→ **Description of the task**:
The answer must consist solely of the lines from the line with "Sudedamosios dalys: Melisa" to the end of the data below, transcribed exactly and with no pictures.

→ **Information**:
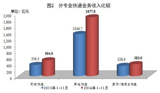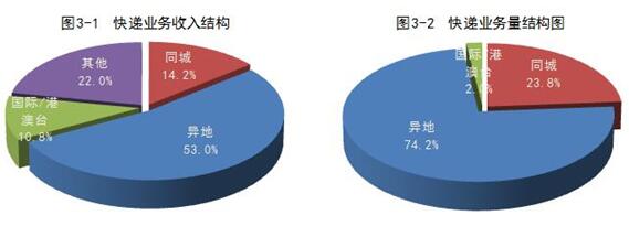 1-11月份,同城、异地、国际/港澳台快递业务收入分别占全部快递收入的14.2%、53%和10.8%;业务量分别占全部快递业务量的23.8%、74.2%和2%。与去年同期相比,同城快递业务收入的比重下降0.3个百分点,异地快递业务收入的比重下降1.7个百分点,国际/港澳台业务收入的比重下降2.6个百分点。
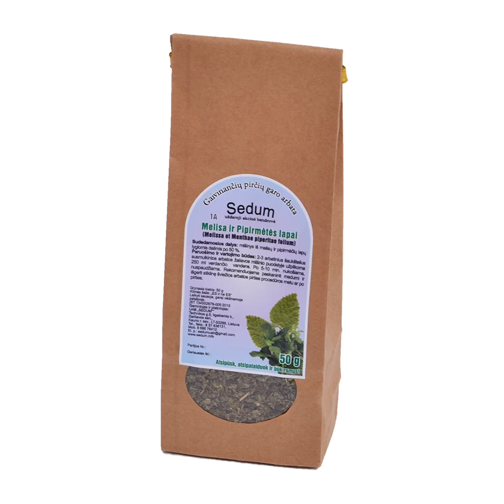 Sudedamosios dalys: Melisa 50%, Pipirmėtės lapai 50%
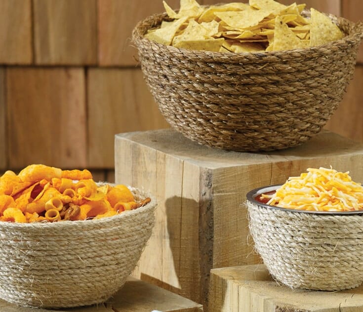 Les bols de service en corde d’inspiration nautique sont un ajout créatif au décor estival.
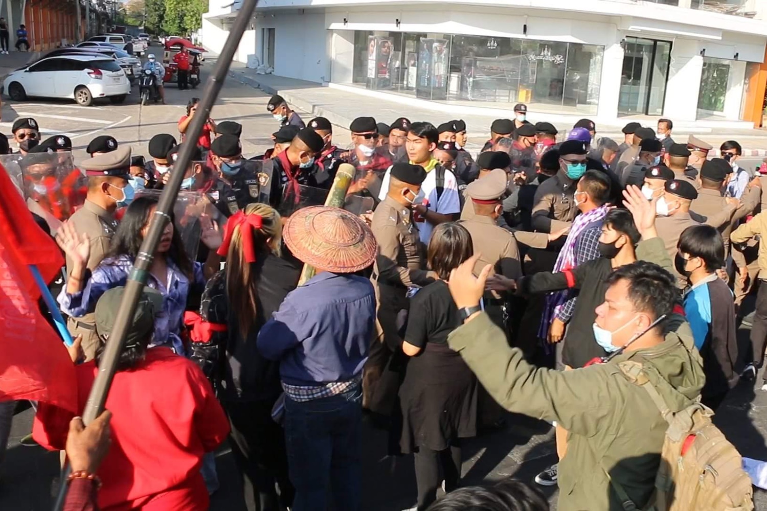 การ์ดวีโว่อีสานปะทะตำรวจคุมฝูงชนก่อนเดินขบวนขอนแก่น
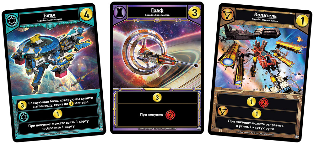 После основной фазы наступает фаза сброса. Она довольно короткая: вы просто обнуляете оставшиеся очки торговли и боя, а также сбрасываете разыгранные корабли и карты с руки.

→ **Response for this exercise**:
 Sudedamosios dalys: Melisa 50%, Pipirmėtės lapai 50%
 Les bols de service en corde d’inspiration nautique sont un ajout créatif au décor estival.
 การ์ดวีโว่อีสานปะทะตำรวจคุมฝูงชนก่อนเดินขบวนขอนแก่น
 После основной фазы наступает фаза сброса. Она довольно короткая: вы просто обнуляете оставшиеся очки торговли и боя, а также сбрасываете разыгранные корабли и карты с руки.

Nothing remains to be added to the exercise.